The inimitable Ernest Hemingway would have envied this declarative sentence.

This morning Juba is pleasantly windy. Last night it almost rained. In fact, some neighbourhoods received some drizzles. It is cooler today than yesterday.

At the wall of the foot of the mountain the magical words are stenciled in huge white letters. I wonder how the sign writer managed to climb up there to print the words on the rock billboard. The words are eye catching.

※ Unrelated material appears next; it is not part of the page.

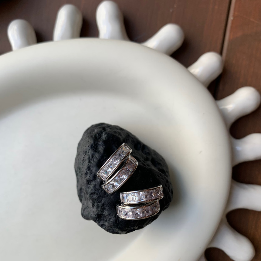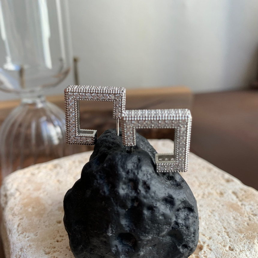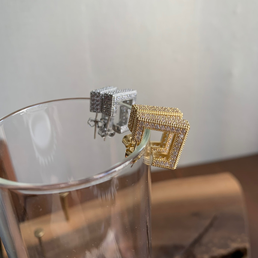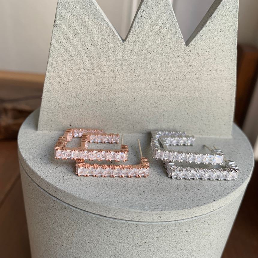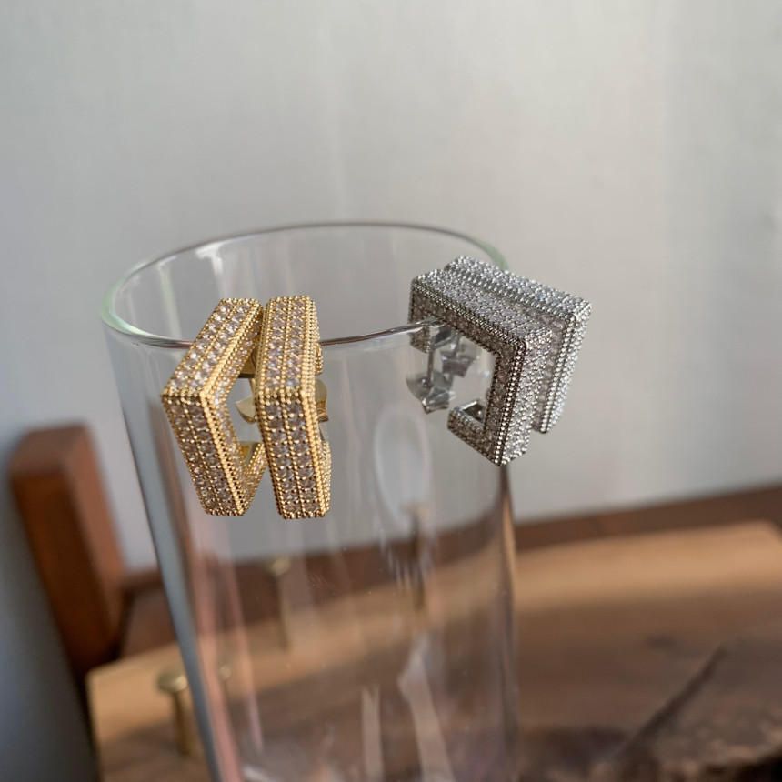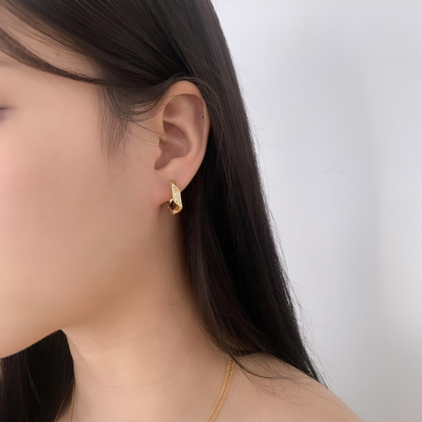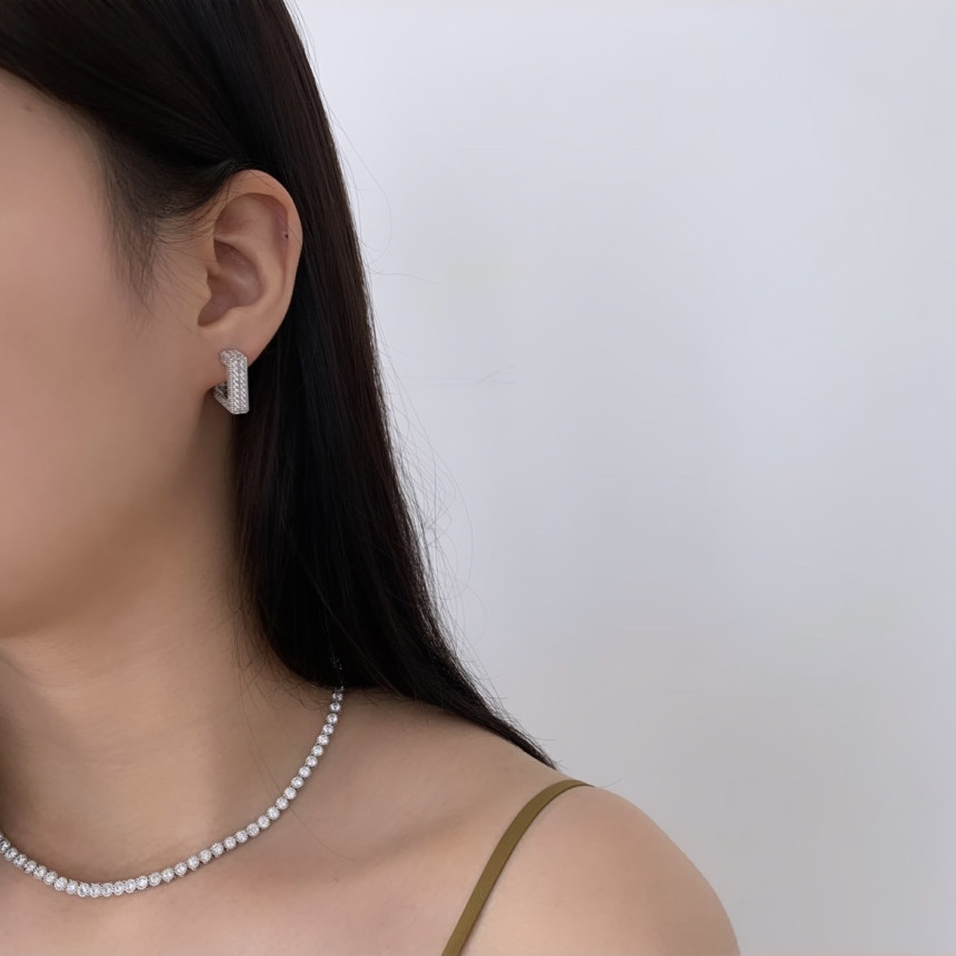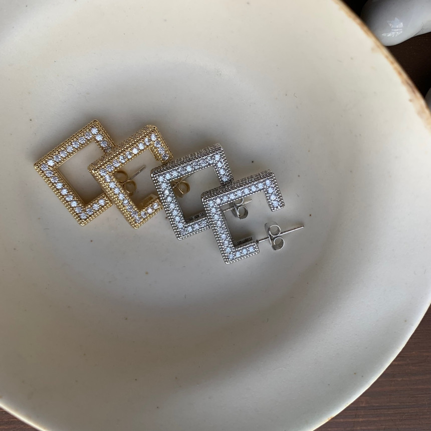 파베세팅큐빅사각링 귀걸이

This morning I decide not to hike. I'm sort of observing the social distancing regime. So I jaywalk and jog up and down the narrow path as if heading to Lukwilili squatter. I'm doing what the Olympiad Kalenjin boys and girls of the Rift Valley do better. The wind carries voices of squatters who live around here. They are the quarry masters. Here and there you can hear the metallic knock of hammer or pickaxe upon a rock. Some young men are rolling stones down to be collected into a heap. Tipper trucks which have seen days drive and park at the foot of the mountain to load and cart away stones to building sites. Elsewhere an old car tyre is propped against a rock. They use this to burn the rocks in the evening so they can splinter and crack for easy quarrying. The rocks from this mountain are used for building Juba's highrise buildings. I'm told the Arabs also took cargo-loads to Khartoum when the Sudan was still Sudan. I miserably dare some two young guys who have been running up and down a steep slab. I'm told they are amateur boxers. "You didn't hike the mountain today?" One of them asks me. "Today I want to try something else," I say to them. They tell me they will hike tomorrow morning. I shrug and add, "I could join you." They are resting and conversing. They look tired. They were here before sunrise. I decide to lie with my back pressed on the rock. I feel good. I gaze into space, the window to heaven. There no birds flying. No airplanes either. Juba International Airport is closed. The airspace is clear. The wind sweeps by and I breathe deep like a fake yogi. The two amateur boxers descend and walk away. I rise and walk up and down the steep rock. I feel like an amateur boxer myself. 'Sting like a bee!' "Lugala," I hear someone shout my name. I look down. Ah, it is Emmanuel Augustino J. Kulang and his two buddies in shorts. They walk leisurely as if they are tourist bird watchers. "Where is the path?" Emmanuel asks. They are going to climb the the mountain. "First time?" I ask. He nods. I shout the direction to him the South Sudanese way. "Look," I say, pointing westward. " Follow that path up to the big church (oba synagogue?), then turn left before the church. When you look up the mountain you will see people following each other (in a slow motion column). They disappear into the mountain and I walk into the hila.